AWS ML Specialty Exam: XGBoost Model Deployment with Amazon SageMaker

XGBoost Model Deployment with Amazon SageMaker

Question

You work as a machine learning specialist for an eyewear manufacturing plant.

There you have used XGBoost to train a model that uses assembly line image data to categorize contact lenses as malformed or correctly formed.

You have engineered your data and used CSV as your Training ContentType.

You are now ready to deploy your model using the Amazon SageMaker hosting service. Assuming you used the default configuration settings, which of the following are true statements about your hosted model? (Select THREE)

Answers

Explanations

Click on the arrows to vote for the correct answer

A. B. C. D. E. F. G.

Answers: C, F, G.

Option A is incorrect.

The SageMaker XGBoost currently only supports a CPU instance or a single-instance GPU instance type for training.

(See the Amazon SageMaker developer guide titled XGBoost Algorithm, particularly the EC2 Instance Recommendation for the XGBoost Algorithm section)

Option B is incorrect.

The XGBoost algorithm is parallelizable and therefore can be deployed on multiple CPU instances for distributed training.

(See the Amazon SageMaker developer guide titled Common Parameters for Built-in Algorithms)

Option C is correct.

From the Amazon SageMaker developer guide titled XGBoost Algorithm, “For CSV training, the algorithm assumes that the target variable is in the first column and that the CSV does not have a header record”.

Option D is incorrect.

From the Amazon SageMaker developer guide titled Common Data Formats for Training, “Amazon SageMaker requires that a CSV file doesn't have a header record and that the target variable is in the first column”.

Option E is incorrect.From the Amazon SageMaker developer guide titled XGBoost Algorithm, “For CSV inference, the algorithm assumes that CSV input does not have the label column”.

Option F is correct.From the Amazon SageMaker developer guide titled XGBoost Algorithm, “For CSV inference, the algorithm assumes that CSV input does not have the label column”.

Option G is correct.The SageMaker XGBoost currently only supports a CPU instance type for training.

(See the Amazon SageMaker developer guide titled XGBoost Algorithm, particularly the EC2 Instance Recommendation for the XGBoost Algorithm section)

Reference:

Please see the Amazon SageMaker developer guide titled Deploy a Model on Amazon SageMaker Hosting Services for an overview of the deployment of a SageMaker model.

Based on the information provided in the question, the following are the true statements about the hosted model:

A. The training instance class is multiple-instance GPU:

This statement is true as Amazon SageMaker's default setting for the training instance class is ml.p2.xlarge, which is a multiple-instance GPU instance.

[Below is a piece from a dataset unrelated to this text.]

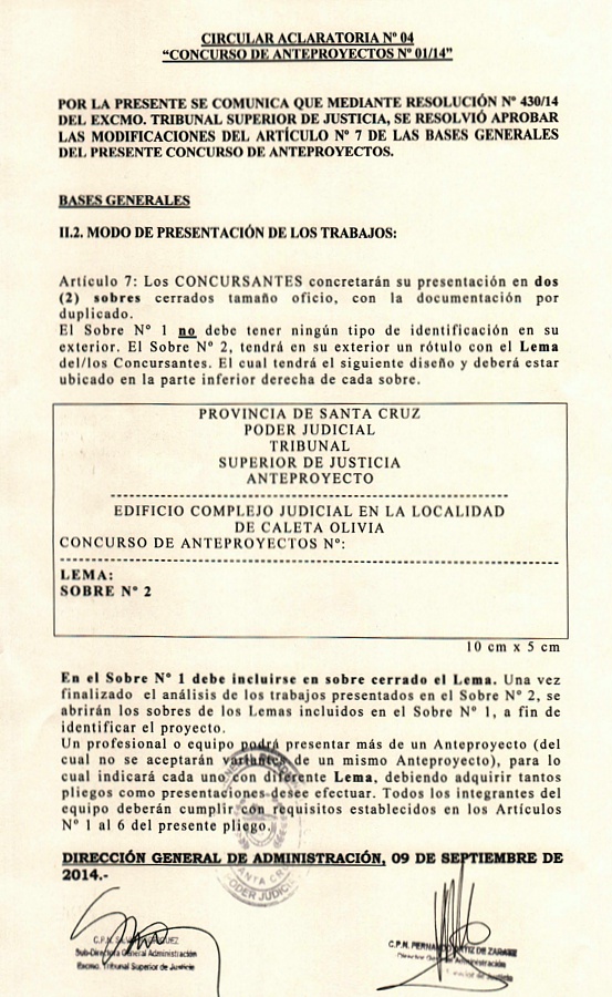 Circular aclaratoria n° 4 del Concurso de Anteproyectos N° 01/14 del Poder Judicial de la Provincia de Santa Cruz. La misma establece el modo de presentación de los trabajos.

B. The algorithm is not parallelizable for distributed training:

This statement cannot be determined from the information given in the question. It depends on the specific implementation of the XGBoost algorithm used for training the model.

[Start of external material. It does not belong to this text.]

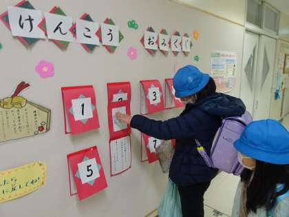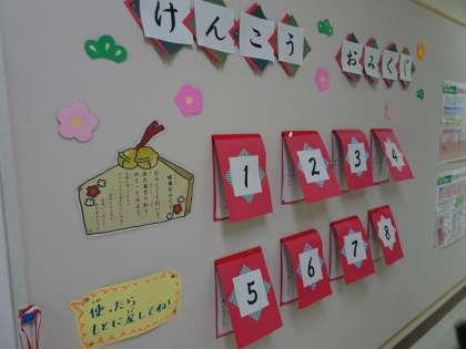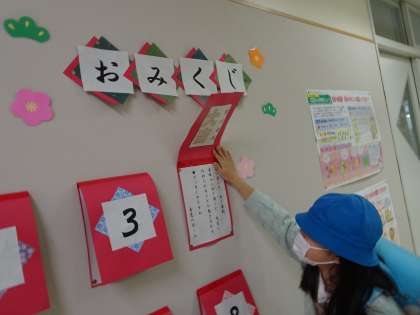 健康のためのおみくじです。子どもたちは、何度もひいては、大吉になったり、凶になったりと楽しんでいます。

C. The training data target value should be in the first column of the CSV with no header:

This statement is false. XGBoost requires the target variable to be in the last column of the CSV file. Additionally, it is best practice to include headers in the CSV file.

D. The training data target value should be in the last column of the CSV with no header:

This statement is true. As mentioned above, XGBoost requires the target variable to be in the last column of the CSV file.

E. The inference data target value should be in the first column of the CSV with no header:

This statement is false. Inference data should not include the target variable, as it is used only for training the model and not for making predictions.

F. The inference CSV data has no label column:

This statement is true. Inference data should not include the target variable or any other labels.

G. The training instance class is CPU:

This statement is false, as mentioned above. The default instance class for training is ml.p2.xlarge, which is a multiple-instance GPU instance.

In summary, the true statements are A, D, and F.